Give the listing back in full, exactly as written, with the pictures removed.

### Material provided
========================================

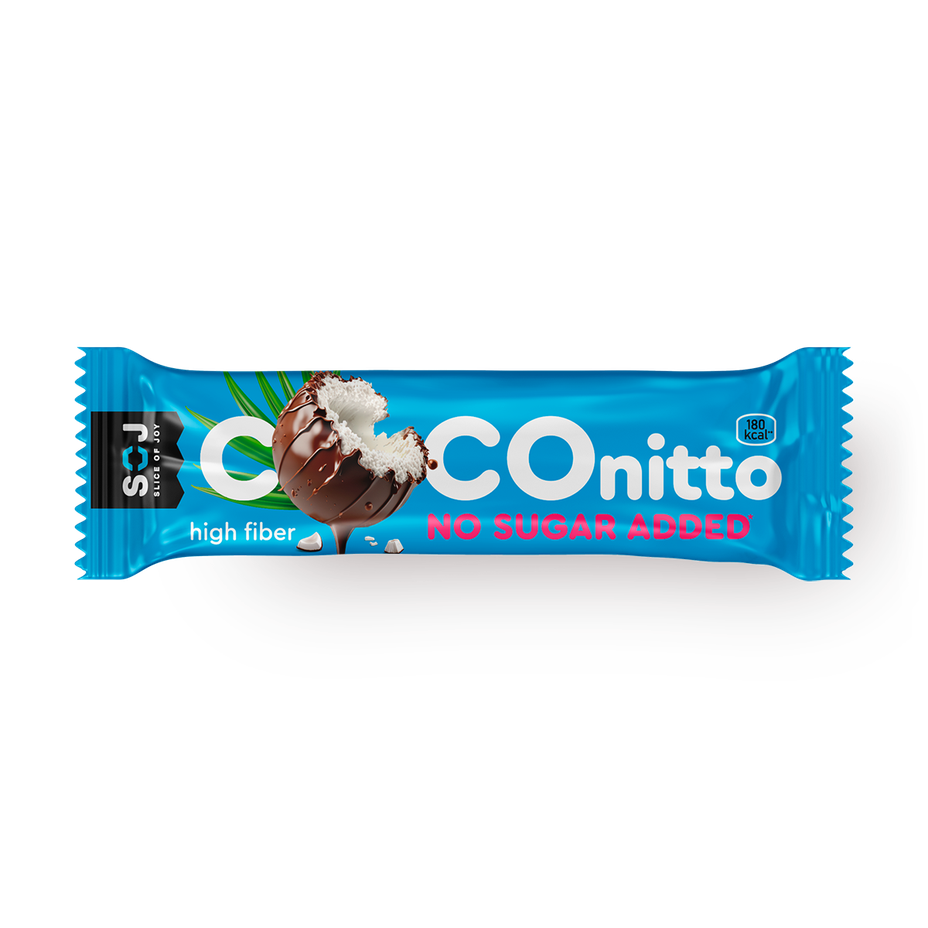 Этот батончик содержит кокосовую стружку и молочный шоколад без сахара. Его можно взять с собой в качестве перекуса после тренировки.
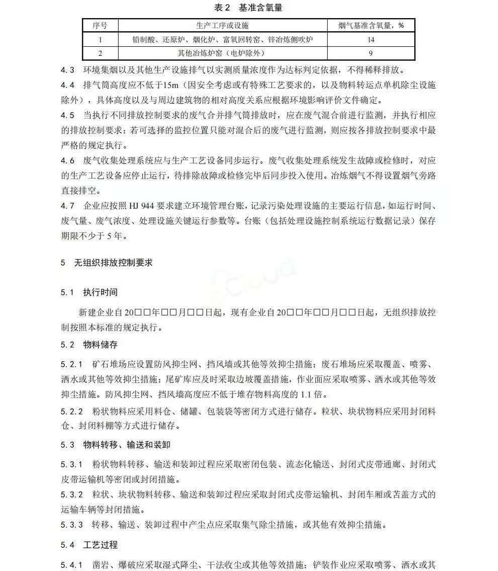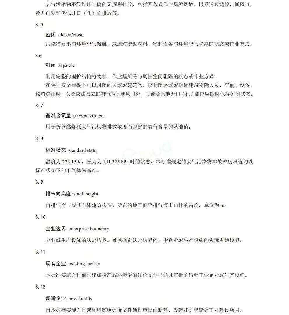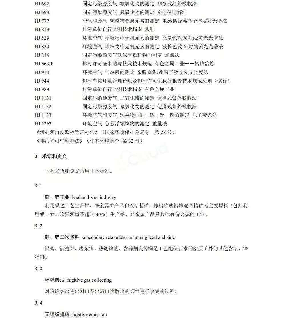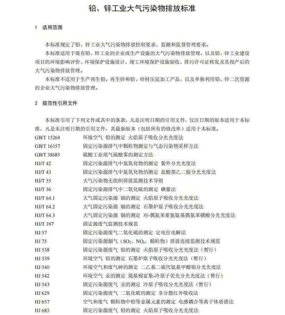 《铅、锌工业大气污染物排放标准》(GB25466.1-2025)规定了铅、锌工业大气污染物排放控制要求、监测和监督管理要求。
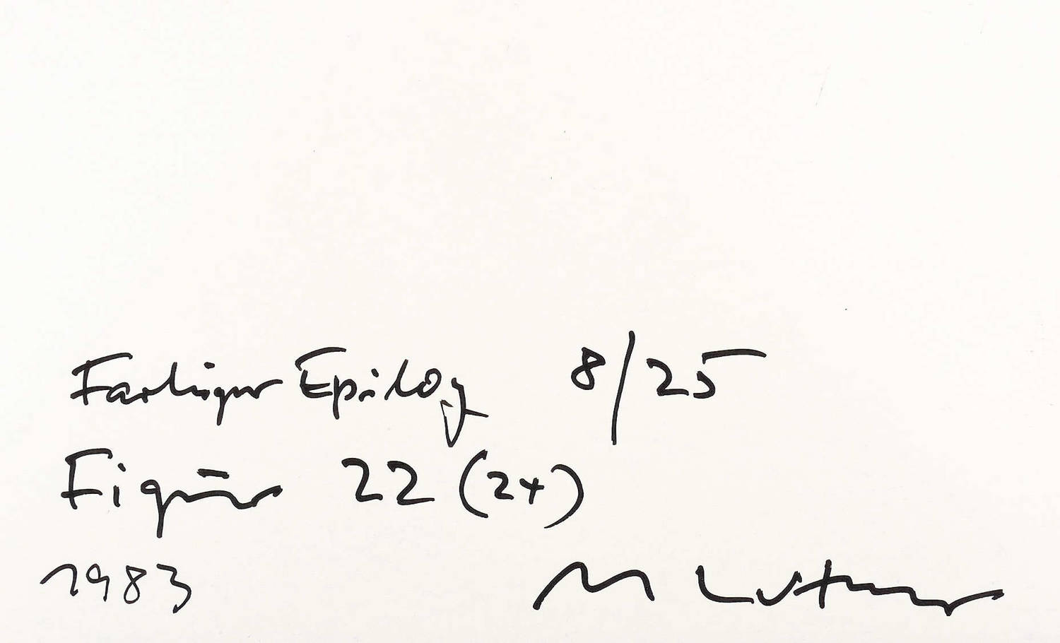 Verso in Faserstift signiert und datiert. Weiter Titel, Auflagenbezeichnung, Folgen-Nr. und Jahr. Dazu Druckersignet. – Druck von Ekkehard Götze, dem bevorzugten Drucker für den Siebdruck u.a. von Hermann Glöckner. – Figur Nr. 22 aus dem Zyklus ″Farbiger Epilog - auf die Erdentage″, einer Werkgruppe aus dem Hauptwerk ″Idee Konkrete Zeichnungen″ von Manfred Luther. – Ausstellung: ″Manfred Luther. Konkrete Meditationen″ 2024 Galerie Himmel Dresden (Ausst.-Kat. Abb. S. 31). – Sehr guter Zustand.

========================================

### Solution to this exercise
 Этот батончик содержит кокосовую стружку и молочный шоколад без сахара. Его можно взять с собой в качестве перекуса после тренировки.
 《铅、锌工业大气污染物排放标准》(GB25466.1-2025)规定了铅、锌工业大气污染物排放控制要求、监测和监督管理要求。
 Verso in Faserstift signiert und datiert. Weiter Titel, Auflagenbezeichnung, Folgen-Nr. und Jahr. Dazu Druckersignet. – Druck von Ekkehard Götze, dem bevorzugten Drucker für den Siebdruck u.a. von Hermann Glöckner. – Figur Nr. 22 aus dem Zyklus ″Farbiger Epilog - auf die Erdentage″, einer Werkgruppe aus dem Hauptwerk ″Idee Konkrete Zeichnungen″ von Manfred Luther. – Ausstellung: ″Manfred Luther. Konkrete Meditationen″ 2024 Galerie Himmel Dresden (Ausst.-Kat. Abb. S. 31). – Sehr guter Zustand.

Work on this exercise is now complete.